[Stored data]
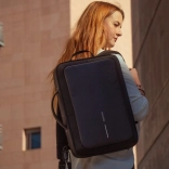 Profitez de la sécurité et du style avec notre sac à dos antivol Bobby Bizz 2.0 noir, offrant une double fonctionnalité : il peut être utilisé comme sac à dos ou comme mallette élégante. Ce produit utilise des matériaux recyclés ; 47 bouteilles en plastique sont nécessaires pour fabriquer un sac.
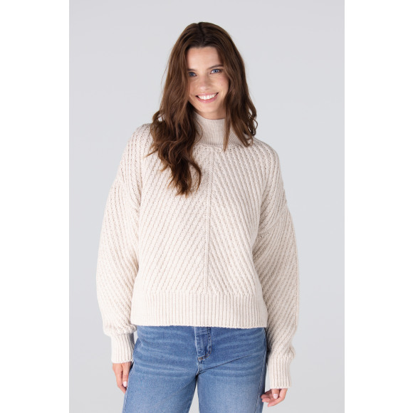 * Details: diagonale ribstructuur, brede boorden, licht ballonmouw
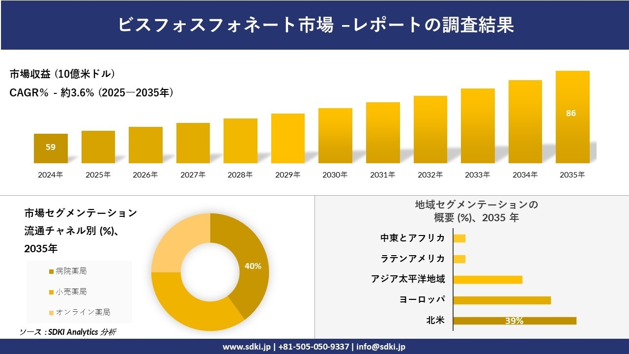 提出日 (2025年09月23)、SDKI Analytics(本社:渋谷区、東京都)は、2025年と2035年の予測期間を対象とした「ビスフォスフォネート市場」に関する調査を実施しました。

[Your task]
Return exactly what appears from the opening line of the material through the line with "boorden, licht ballonmouw", apart from the pictures.

[Solution]
 Profitez de la sécurité et du style avec notre sac à dos antivol Bobby Bizz 2.0 noir, offrant une double fonctionnalité : il peut être utilisé comme sac à dos ou comme mallette élégante. Ce produit utilise des matériaux recyclés ; 47 bouteilles en plastique sont nécessaires pour fabriquer un sac.
 * Details: diagonale ribstructuur, brede boorden, licht ballonmouw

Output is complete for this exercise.